*** Opening GIVEN MATERIAL ***

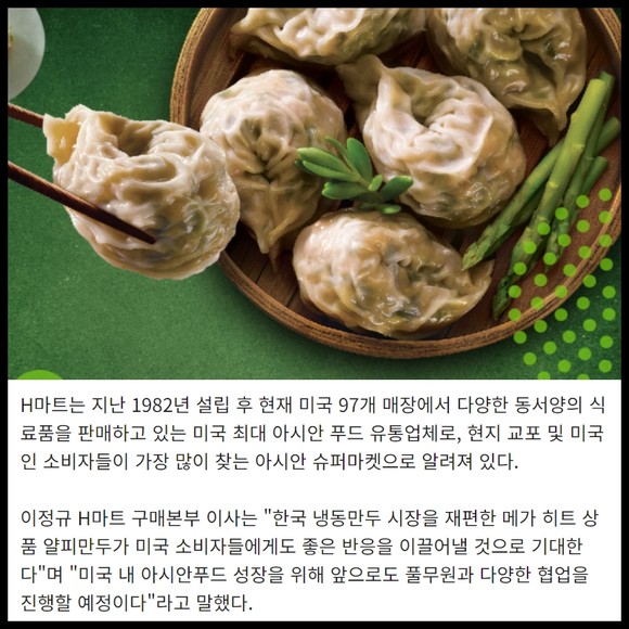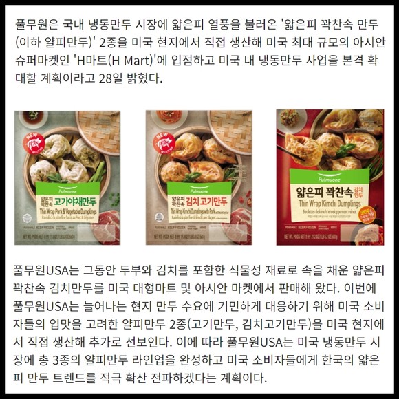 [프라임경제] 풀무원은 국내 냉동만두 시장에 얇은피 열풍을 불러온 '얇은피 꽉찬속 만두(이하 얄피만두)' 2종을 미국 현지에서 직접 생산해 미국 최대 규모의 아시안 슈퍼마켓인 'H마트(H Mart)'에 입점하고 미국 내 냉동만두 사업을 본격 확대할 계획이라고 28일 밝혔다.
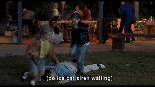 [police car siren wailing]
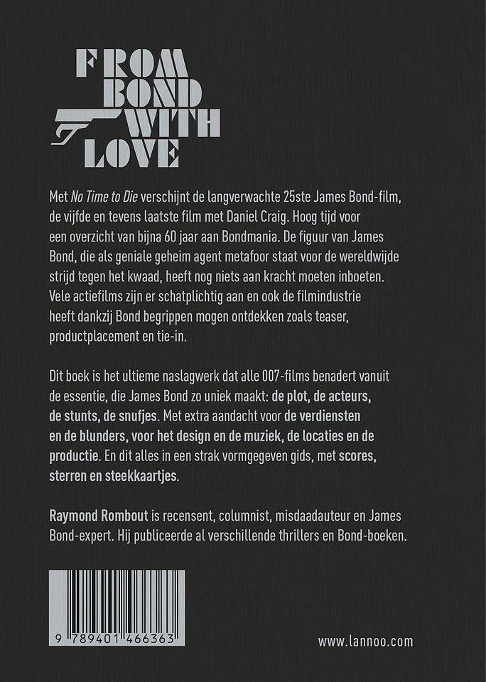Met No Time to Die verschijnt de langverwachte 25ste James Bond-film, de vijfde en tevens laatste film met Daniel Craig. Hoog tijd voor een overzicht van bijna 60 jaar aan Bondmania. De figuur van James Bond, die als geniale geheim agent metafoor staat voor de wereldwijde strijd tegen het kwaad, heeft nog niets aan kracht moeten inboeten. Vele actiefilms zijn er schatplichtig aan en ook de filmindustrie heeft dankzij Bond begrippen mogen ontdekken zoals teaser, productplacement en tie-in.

*** Closing GIVEN MATERIAL ***

Reproduce precisely the lines of the listing above, from the line containing "[police car siren wailing]" to the last line, both ends included. Pictures are to be omitted.

 [police car siren wailing]
Met No Time to Die verschijnt de langverwachte 25ste James Bond-film, de vijfde en tevens laatste film met Daniel Craig. Hoog tijd voor een overzicht van bijna 60 jaar aan Bondmania. De figuur van James Bond, die als geniale geheim agent metafoor staat voor de wereldwijde strijd tegen het kwaad, heeft nog niets aan kracht moeten inboeten. Vele actiefilms zijn er schatplichtig aan en ook de filmindustrie heeft dankzij Bond begrippen mogen ontdekken zoals teaser, productplacement en tie-in.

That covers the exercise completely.